# Prayers needed



## SolarScreenGuy (Aug 15, 2005)

Wife and I both working but are not making ends meet. Both in commissioned sales. We have been down to basics for a while with no place to cut back. Please pray for us to get decent jobs enough to cover. Never imagined we would find ourselves in this situation and at our age.
God Bless You


----------



## FISHNNUTT (Oct 27, 2007)

Prayers sent salty
Me and the wife are in the same boat


----------



## Team Burns (May 6, 2008)

Prayers sent!!!


----------



## jimk (May 28, 2004)

Prayers sent!


----------



## Reel Time (Oct 6, 2009)

Prayers sent.


----------



## Die Terrorists Die (Sep 18, 2009)

Prayers sent- I know where you are at. Keep you head up as tough as it is. You will make it throught the valley.


----------



## melvinrod (Dec 13, 2006)

*Prayer*

I prayed and will continue to pray may God's provision be your blessing.


----------



## bubbas kenner (Sep 4, 2010)

Prayers sent


----------



## saltylady (Jun 30, 2010)

*undertand completely a lot of folks are in the same situation little or no work to be had food gas evrything just keeps going up hope you find a way to make it my prayers sent *


----------



## Roger (Aug 12, 2005)

Prayers sent, I do know how it is, I'm in the same boat.....


----------



## DA REEL DADDY (Jun 7, 2005)

Prayers sent brother.

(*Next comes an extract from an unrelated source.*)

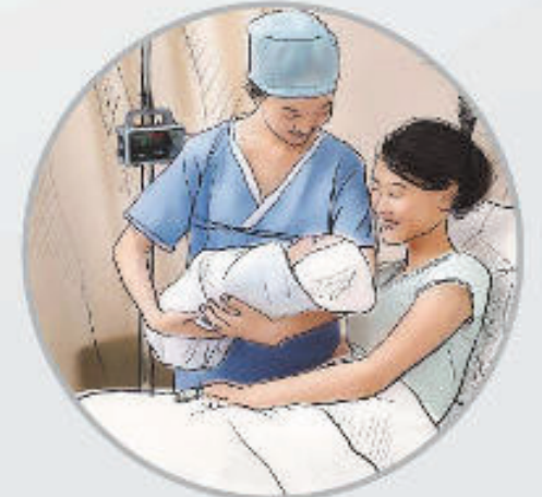
5 postpartum recovery

I am confident he will here our prayers and bless you.


----------



## Die Terrorists Die (Sep 18, 2009)

Yall might want to check out Between Jobs Ministry (BJM) in the Spring/Klein area. Its at the Northwest Bible Church. Meetings are every wednesday morning. You have to go in order to get on the network list. TRUST ME you won't be disappointed. You will receive encouragement from Godly people and have hope. God Bless!
http://www.nwbc.org/id15.html


----------



## Viking48 (Jan 24, 2006)

Prayers on the way for you and your wife.


----------